Due to the heterogeneity in the taxa and traits considered (while not having large samples), we ran only simple meta‐analyses. Single estimates of CVP presented a modest positive skew of their credible distribution, though transformation (either log or square root) created a worse negative skew. As the positive skew was minor and unlikely to cause a meaningful bias, we left the estimates untransformed. Among studies, however, there was a clear log‐normal distribution. To account for this, we modeled CVP on the log‐scale through the use of the nonlinear commands in “brms” (Bürkner, 2017), which also constrained estimates and their uncertainty to positive values (see Mitchell, 2021, for analysis code). To understand general patterns in CVP, we ran four meta‐analytical models of increasing complexity, which aimed to (a) understand the grand weighted‐mean CVP across all studies, (b) assess whether CVP generally differs between behavioral (n = 53 estimates) or physiological traits (n = 11 estimates), (c) evaluate whether traits differ in their CVP by fitting a fixed effect with five levels (boldness, activity, miscellaneous behavior, metabolism, and miscellaneous physiology), and (d) evaluate whether field studies display higher CVP owing to the lack of control of environmental conditions (same as c, with additional fixed effect of field or laboratory). All models were run with a random intercept effect of estimate (to acknowledge variation in CVP within studies), and variance was separated by trait type (i.e., behavioral or physiological) for models b‐d. Study identity was also fit as a random intercept as either multiple traits or subpopulations were sometimes present within a study. Similar analyses were conducted on the other extracted parameters, which we discuss below.

RESULTS AND DISCUSSION

Meta‐analysis of CVP

Analyses revealed that variation in rIIV was very common, with an overall predicted CVP of 0.26 [95% Credible Intervals: 0.21, 0.31]. We did not pick up clear signs of publication bias in the studies considered, with no effect observed of whether the original publication considered variation in rIIV (see Mitchell, 2021, for full output). However, care should still be taken in interpreting these results due to the largely informal search. Behavioral traits had an overall CVP of 0.27 [0.22, 0.33], while for physiological traits it was 0.17 [0.074, 0.29], though this difference was not significant (difference = −0.11 [−0.22, 0.022]). The lack of a difference was largely driven by a single hemolymph density study in shore crabs (Carcinus maenas; Fürtbauer, 2015) that showed unusually pronounced among‐individual variance in both means and variance, which inflated the variance in physiological studies and thus the imprecision. Removal of this study from the analysis demonstrated the large effect it had (difference: −0.13 [−0.22, −0.027]).

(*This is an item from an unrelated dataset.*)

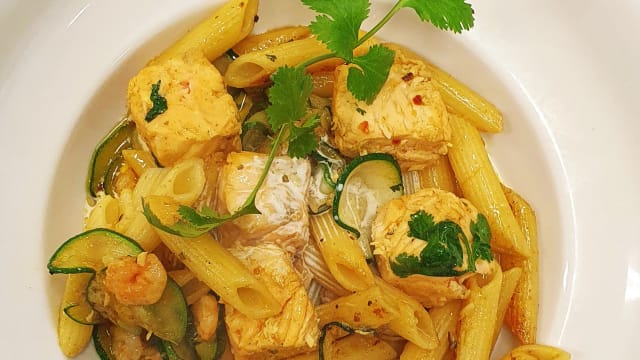 Saumon, crevettes, pâtes, coriandre, crème, courgettes, épices douces et citron.
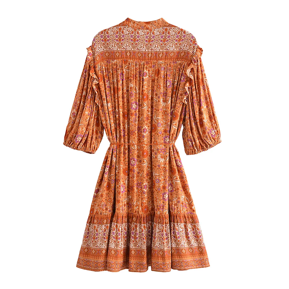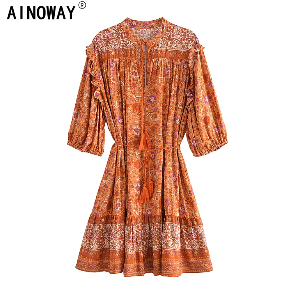 Винтажное шикарное женское оранжевое платье с цветочным принтом и рукавами-фонариками, Пляжное богемное мини-платье с бахромой, женское свободное платье бохо из вискозы с V-образным вырезом

Contrary to the prediction that field studies would show greater variance in rIIV due to reduced control over conditions (Stamps et al., 2012; Westneat et al., 2015), field studies typically appeared to have lower estimates than laboratory studies (difference on log‐scale = −0.57 [−0.96, −0.17]). A lack of control over environmental conditions appeared to saturate intrinsic differences in rIIV, leading to lower estimates of CVP. If there is a strong population effect of an unmeasured environmental variable, with little individual variation in plasticity, this would add uniformly to the rIIV. As the CVP is standardized by the mean rIIV, this would reduce the estimate of individual variation in rIIV, rather than add to it. However, care should be taken with this result as field studies typically used different assays; for example, studies of boldness were typically based on flight initiation distance (Allan et al., 2020; Highcock & Carter, 2014) rather than latency to emerge (e.g., Horváth et al., 2019; Stamps et al., 2012), and measures of activity were based on tracking over large spatial scales (e.g., Hertel, Niemelä, et al., 2020; Hertel, Royauté, et al., 2020) rather than tracking within an arena (e.g., Mitchell & Biro, 2017; Prentice et al., 2020).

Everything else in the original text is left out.